**Assignment:** Only some lines are wanted. Transcribe, exactly, the lines below from the line with "Illuminated Heart Icon" up to and including the line with "Sandaler med öppen".

**Provided information:**

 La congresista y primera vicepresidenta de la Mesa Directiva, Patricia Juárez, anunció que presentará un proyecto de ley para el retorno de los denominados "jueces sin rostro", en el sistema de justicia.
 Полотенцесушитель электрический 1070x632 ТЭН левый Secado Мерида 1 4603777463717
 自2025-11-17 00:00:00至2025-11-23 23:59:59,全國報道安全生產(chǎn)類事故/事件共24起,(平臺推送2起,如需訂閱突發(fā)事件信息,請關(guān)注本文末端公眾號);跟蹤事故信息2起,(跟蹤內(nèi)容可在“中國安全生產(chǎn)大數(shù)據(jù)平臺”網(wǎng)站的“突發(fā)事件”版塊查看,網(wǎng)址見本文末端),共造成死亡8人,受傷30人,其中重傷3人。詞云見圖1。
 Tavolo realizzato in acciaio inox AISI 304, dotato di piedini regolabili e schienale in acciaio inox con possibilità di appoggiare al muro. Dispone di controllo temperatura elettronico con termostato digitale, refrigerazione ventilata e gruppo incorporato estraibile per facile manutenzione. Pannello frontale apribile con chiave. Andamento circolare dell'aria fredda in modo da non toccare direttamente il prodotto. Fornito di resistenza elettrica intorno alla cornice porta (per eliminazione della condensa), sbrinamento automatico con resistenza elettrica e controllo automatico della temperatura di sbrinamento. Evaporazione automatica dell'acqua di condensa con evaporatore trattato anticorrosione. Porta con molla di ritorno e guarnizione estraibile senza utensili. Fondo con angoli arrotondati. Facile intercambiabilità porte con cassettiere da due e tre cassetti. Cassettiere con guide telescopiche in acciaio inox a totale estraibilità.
...
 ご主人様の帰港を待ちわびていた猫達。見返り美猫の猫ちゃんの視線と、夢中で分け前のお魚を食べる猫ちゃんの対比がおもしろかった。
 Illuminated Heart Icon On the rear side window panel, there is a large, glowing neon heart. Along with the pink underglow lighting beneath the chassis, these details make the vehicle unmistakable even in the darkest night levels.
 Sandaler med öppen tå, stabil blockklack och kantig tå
...
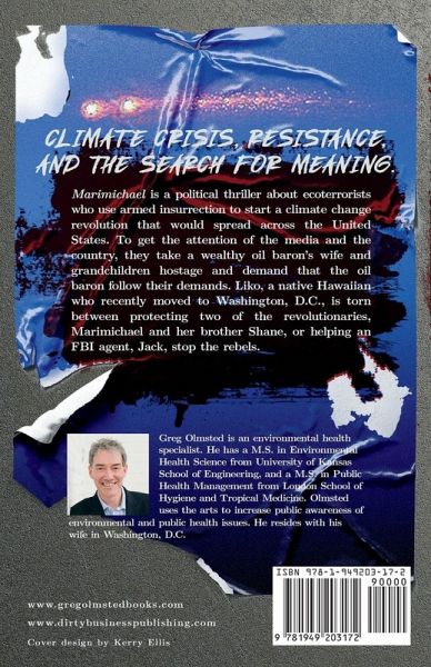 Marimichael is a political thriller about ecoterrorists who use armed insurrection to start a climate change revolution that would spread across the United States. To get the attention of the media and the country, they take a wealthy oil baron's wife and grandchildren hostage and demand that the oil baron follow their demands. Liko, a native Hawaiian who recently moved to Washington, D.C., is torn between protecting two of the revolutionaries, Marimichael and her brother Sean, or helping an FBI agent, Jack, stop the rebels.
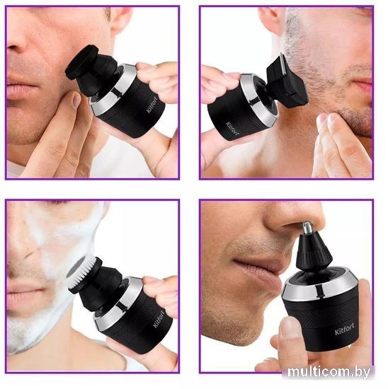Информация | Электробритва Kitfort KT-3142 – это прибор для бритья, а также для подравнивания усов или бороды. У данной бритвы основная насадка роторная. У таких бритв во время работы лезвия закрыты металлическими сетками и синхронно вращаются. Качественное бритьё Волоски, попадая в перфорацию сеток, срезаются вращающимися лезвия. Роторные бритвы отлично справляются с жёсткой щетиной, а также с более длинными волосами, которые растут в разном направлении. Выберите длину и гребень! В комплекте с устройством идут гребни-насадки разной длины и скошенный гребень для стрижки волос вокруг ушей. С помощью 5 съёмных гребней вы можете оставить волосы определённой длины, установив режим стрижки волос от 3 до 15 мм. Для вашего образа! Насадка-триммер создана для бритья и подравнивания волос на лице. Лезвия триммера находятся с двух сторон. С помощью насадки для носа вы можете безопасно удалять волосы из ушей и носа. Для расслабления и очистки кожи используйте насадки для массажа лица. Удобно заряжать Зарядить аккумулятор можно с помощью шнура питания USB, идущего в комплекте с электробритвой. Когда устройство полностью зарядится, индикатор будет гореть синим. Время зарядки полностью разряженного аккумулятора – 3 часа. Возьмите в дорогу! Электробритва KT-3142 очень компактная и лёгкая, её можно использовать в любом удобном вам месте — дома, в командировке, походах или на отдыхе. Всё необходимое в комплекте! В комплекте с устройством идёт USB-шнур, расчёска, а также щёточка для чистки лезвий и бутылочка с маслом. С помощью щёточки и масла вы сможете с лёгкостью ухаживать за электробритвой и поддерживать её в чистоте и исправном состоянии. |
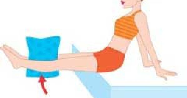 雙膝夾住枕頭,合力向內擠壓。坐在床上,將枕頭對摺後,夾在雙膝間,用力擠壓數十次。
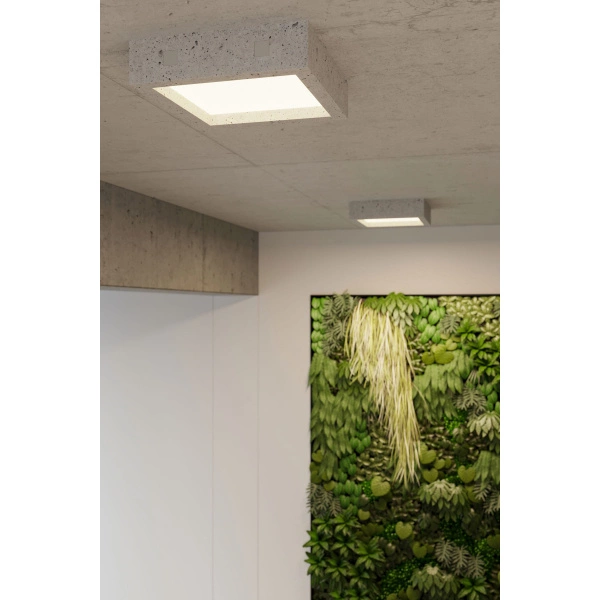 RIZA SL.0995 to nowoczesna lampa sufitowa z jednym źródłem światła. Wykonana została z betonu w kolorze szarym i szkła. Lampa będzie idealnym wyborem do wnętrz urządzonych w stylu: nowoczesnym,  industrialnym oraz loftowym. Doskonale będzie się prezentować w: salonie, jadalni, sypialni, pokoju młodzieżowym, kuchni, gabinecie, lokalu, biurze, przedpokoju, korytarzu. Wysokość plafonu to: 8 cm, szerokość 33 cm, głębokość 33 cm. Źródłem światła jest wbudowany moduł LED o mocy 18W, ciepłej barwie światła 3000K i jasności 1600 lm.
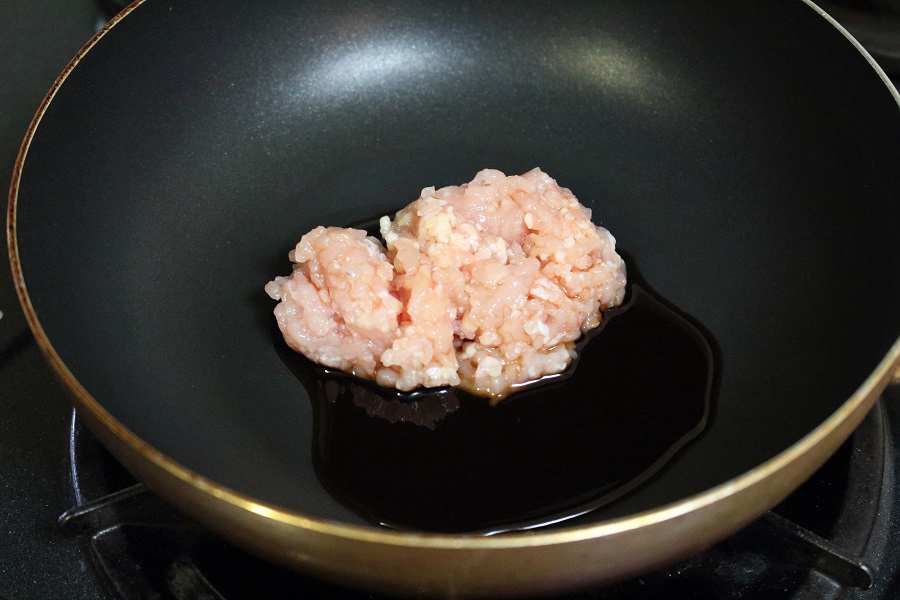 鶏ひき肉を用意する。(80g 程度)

**Answer space:**
 Illuminated Heart Icon On the rear side window panel, there is a large, glowing neon heart. Along with the pink underglow lighting beneath the chassis, these details make the vehicle unmistakable even in the darkest night levels.
 Sandaler med öppen tå, stabil blockklack och kantig tå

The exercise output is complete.